A new anthology series published by Fortuna Major Press, entitled Queer/Trans Magic, seeks to cultivate a space for LGBTQ2S+ people to share creative works that explore, honor, and transform lineages of queer magic & resilience.

The premise of the series is simple: creativity is a powerful, alchemical form of resistance to cultures of domination. Through our creativity, we forge space for our voices and our bodies—past, present, and future—to thrive in the process of becoming. Who we are, where we come from, how we belong, and the stories we share exist in an infinite web of connection that needs tending; and artists are uniquely poised to tend to and illuminate those connections.

But what exactly is the magic in Queer/Trans Magic? From from collages that draw us into the lush forests of queer Alabama, altars that support transdimensional communion with oneself, and poetry that ushers us through the process of reincarnation — the first issue, Shapeshifting, is full to the brim with creative works that illustrate the inseparable bond between our bodies, our communities, and our landscapes.

Meet Bosede Opetubo, one of 11 featured artists within this first issue, Shapeshifting. She sat down with me to talk about how her mixed media collage art serves as portals through time and space while she explores motherhood and the power of coming home to herself.

The cover design of the first issue of Queer/Trans Magic Magazine. Featuring a golden circle, surrounded by an illustrated wreath. Two Brown hands point toward each other, touching in the middle. A sword is centered behind them.

The cover design of the first issue of Queer/Trans Magic Magazine. Featuring a golden circle, surrounded by an illustrated wreath. Two Brown hands point toward each other, touching in the middle. A sword is centered behind them.

So, just to start off could you share about who you are, where you're creating from?

Great, starting with the hard questions.

You know it.

I'm Bosede Ajibola Opetubo, a Nigerian American artist from the Bronx, now living in Boston. I'm in a phase of self-discovery, having realized at 30 that I hadn't been fully engaged in life. I made a bucket list and started exploring art. Now at 35, I've transitioned from treating art as a hobby to embracing it as my career. Right now I'm in an exploratory phase. My primary mediums are collage, site-specific installation, and I'm experimenting with painting.

You submitted a collage to Queer/Trans Magic, of course, but of all those mediums have any of them really transformed you? What speaks to you and compels you about the mediums that you’re typically working with?

You know, I think that there's something so lost in the way I was living, and working, really. In front of a computer and just typing constantly. It was so confusing because I was working for mission-driven organizations, but on a day-to-day basis, it didn't feel connected to what they were actually trying to accomplish.
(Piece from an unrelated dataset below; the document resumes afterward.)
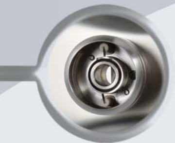
Burner shaft can be opened at the flick of a wrist for cleaning purposes

So collage really has spoken to me most. There's just something about being able to use my hands; to use my physical body. Picking things up and dumping things out on the floor, folding things and rearranging them, tearing them up, reconstructing and deconstructing them. It engages so many different parts of my brain and enlivens me. Collage is where I feel like my work is the most “successful”, and where I have the deepest connection.

I know that you're just emerging in this pivot to art as a career. Have you already gone on a journey of finding your artistic voice before this? Do you feel like you're still in that process?

I am connected to all of my artistic voices. There is so much that I want to say, my process is about honing in to the different channels running in my brain and picking one or two to explore in a new project.

I was lucky in that the first big, successful piece of work that I made, “Wallpaper,” was driven by such a loud and present event in my life, my pregnancy, that I had no choice but to be really attuned to what I was feeling, how I was creating, and what I wanted my work to say.  Through the creation of that piece, which started as a sculpture, became an installation, and inspired dozen of drawings, essays and digital collages, I was able to practice getting really specific and using that to stay grounded and fuel my creative process.

In terms of output, there’s a whole other layer, which I explore in Origin Story, which is how my artwork exists as a time portal for myself. I tune into this mindframe of, I can't change anything about the past, but if I just make this artwork — and a version of me in an alternate universe sees it — how does that change me now and me there?

Photography from Bosede Opetubo's installation, Wallpaper, at the Jamaica Plain Branch Library. A silhouette of a person standing between pinkish-red and yellow paper wall sculptures.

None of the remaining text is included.